The Daily Parker

Politics, Weather, Photography, and the Dog

Mexican villages about to get destroyed by climate change

Hurricane Patricia, which will slam into the Mexican coastal villages of San Patricio and Barra de Navidad in just a few hours, is the strongest hurricane ever observed:

Packing 200 mph winds, the U.S. National Hurricane Center described Patricia as the "strongest hurricane on record" in the Atlantic and eastern North Pacific Basins.

At 8 a.m. ET, Patricia was about 230 km southwest of Manzanillo, and about 340 km south of Cabo Corrientes.

Hurricane warnings stretched from San Blas to Punta San Telmo, an area that includes Puerto Vallarta and Manzanillo. CONAGUA, the Mexican national water commission, predicted waves about 40 feet at landfall.

Up to 20 inches of rain was predicted for the Mexican states of Jalisco, Colima, Michoacan and Guerrero through Saturday, the NHC said.

The NHC estimates landfall this evening.

As for the climate-change aspect of the story, the Washington Post has it covered:

Certainly, record-breaking hurricanes raise questions about longstanding predictions that global warming, by raising ocean temperatures, should also strengthen these storms. The issue, however, is beset by data-related difficulties, since storm measurement techniques are continually improving (creating a kind of apples-and-oranges problem when comparing past strong storms with present ones) and are also highly variable around the world — thus, hurricane hunter flights are far more common in the Atlantic than in the Northeast Pacific, where Patricia formed.

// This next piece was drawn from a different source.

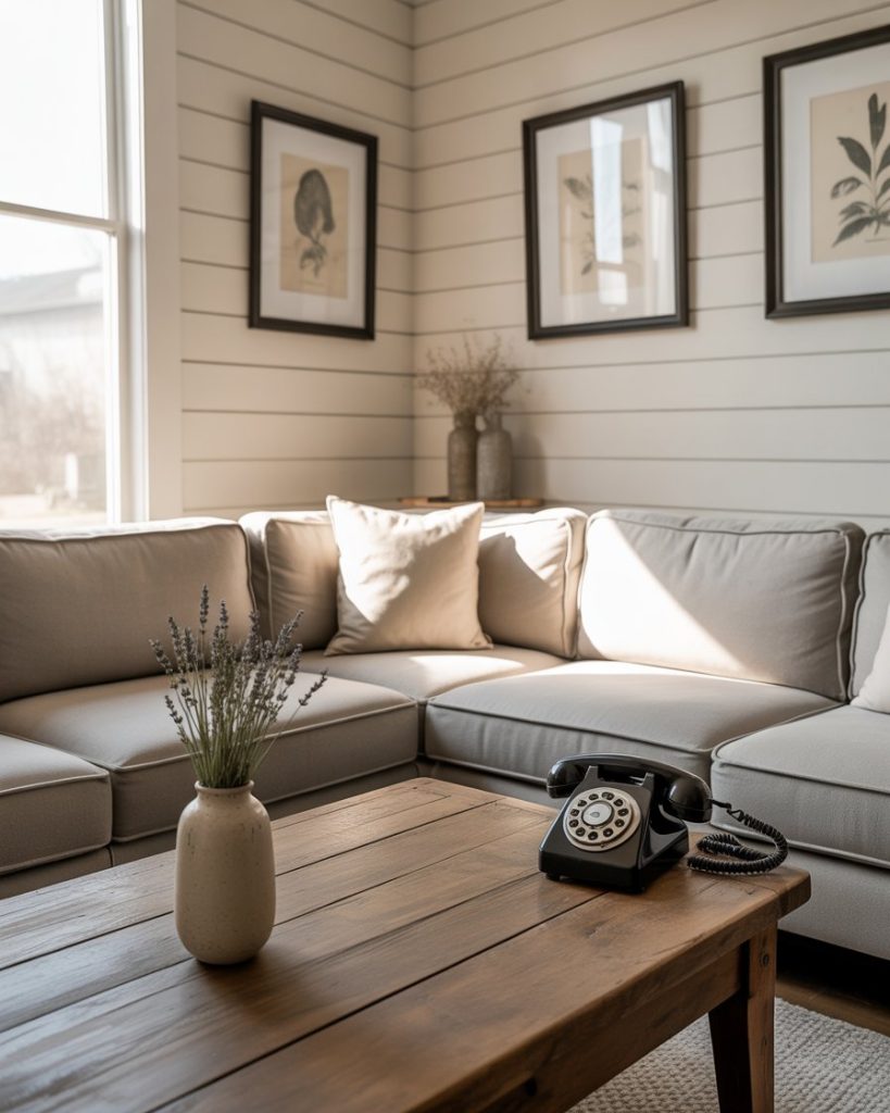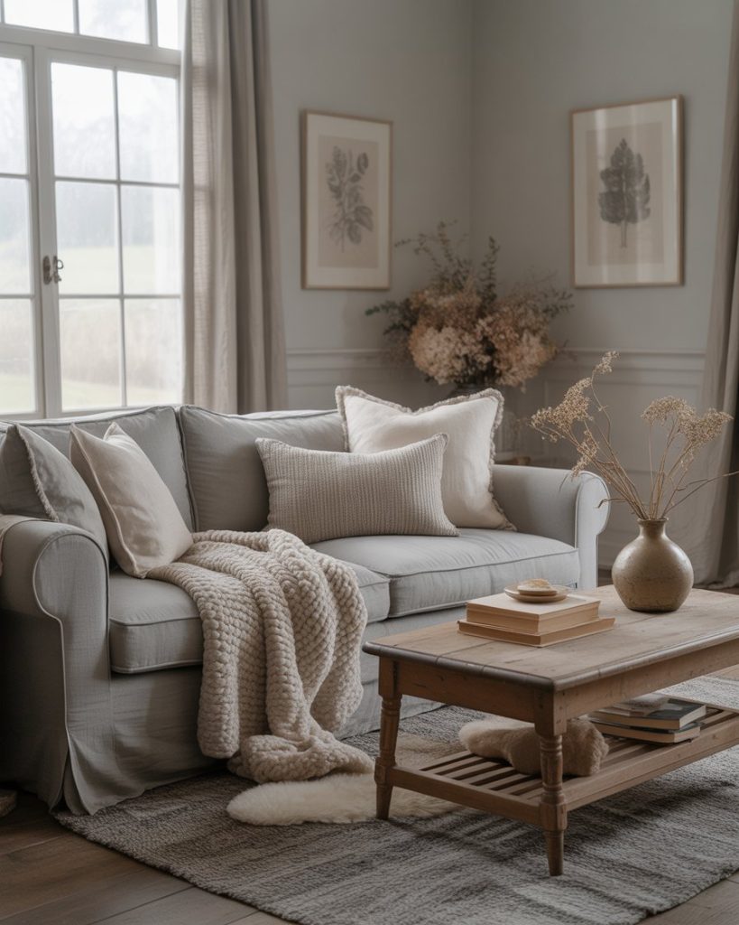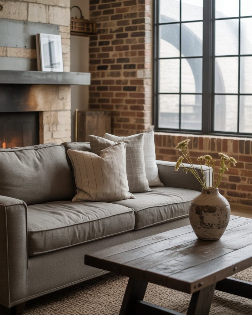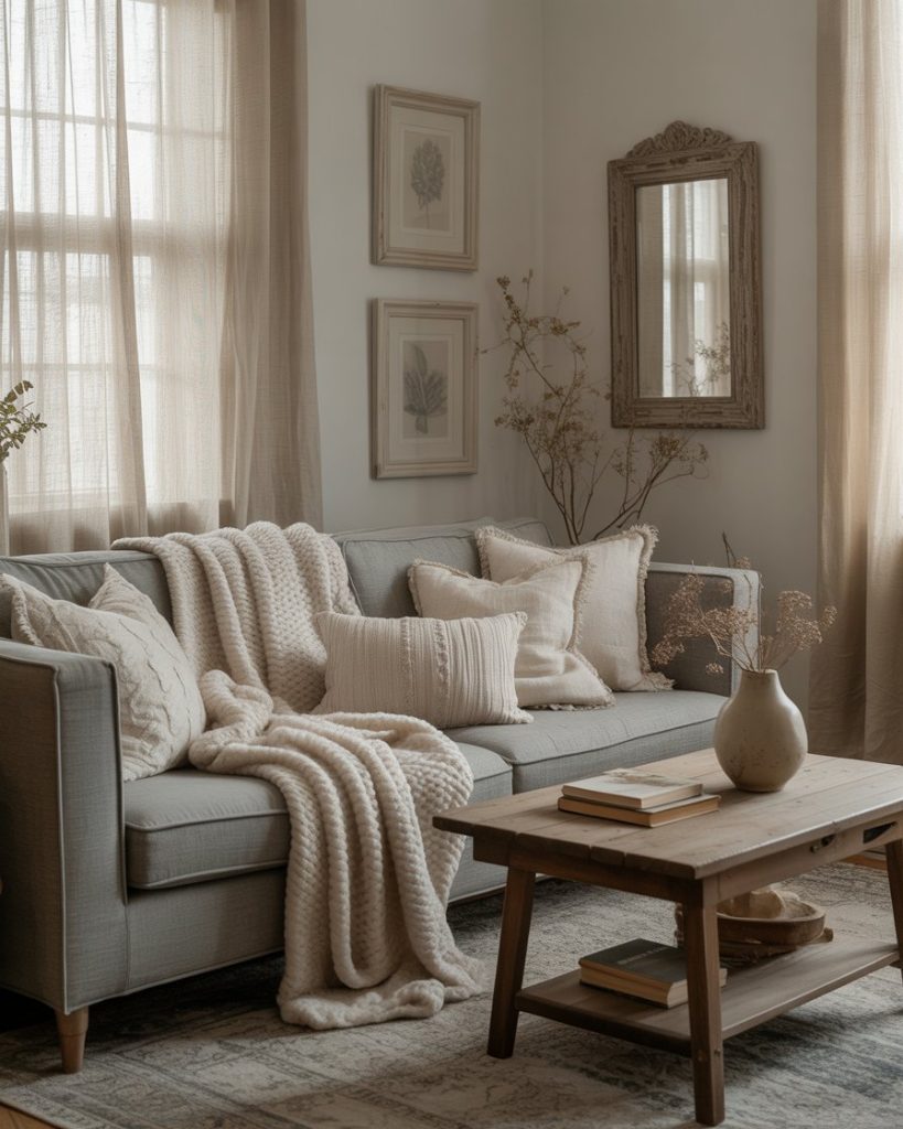A grey farmhouse palette creates calm sophistication. Pairing a grey couch with soft throws, layered neutrals, and muted wall decor can turn even busy homes into serene retreats. It’s a safe yet stylish choice, perfect for those who don’t want bold color. I once saw a space like this, and it felt so balanced that you wanted to linger all day with a cup of tea.

Still, there have been widespread predictions that hurricanes should become stronger, on average, in a warmer world. Summarizing the current research, the Geophysical Fluid Dynamics Laboratory of the National Oceanic and Atmospheric Administration puts it this way: “Anthropogenic warming by the end of the 21st century will likely cause tropical cyclones globally to be more intense on average….This change would imply an even larger percentage increase in the destructive potential per storm, assuming no reduction in storm size.”

Yes, because it turns out, when you put energy into a system at a constant rate but decrease the rate that the energy can leave the system, the system has more energy. And half a century of dithering on climate-change policy has caught up with us.

Massive El Niño confirmed

NASA's Jet Propulsion Laboratory in La Cañada Flintridge, Calif., confirmed the phenomenon yesterday:

“The ocean has warmed up a little bit more. ... It’s certainly still a strong event,” said Mike Halpert, deputy director of the Climate Prediction Center. Halpert said this El Niño still isn’t quite as strong as the current record holder, the El Niño that developed in 1997, but it’s “still respectable. Probably the second strongest we’ve seen at this time of year.”

“We certainly favor a wetter-than-average winter,” Halpert said. Though he cautioned that “when you’re dealing with climate predictions, you can never get a guarantee,” he added, “this could be one of the types of winters like in 1997-98.”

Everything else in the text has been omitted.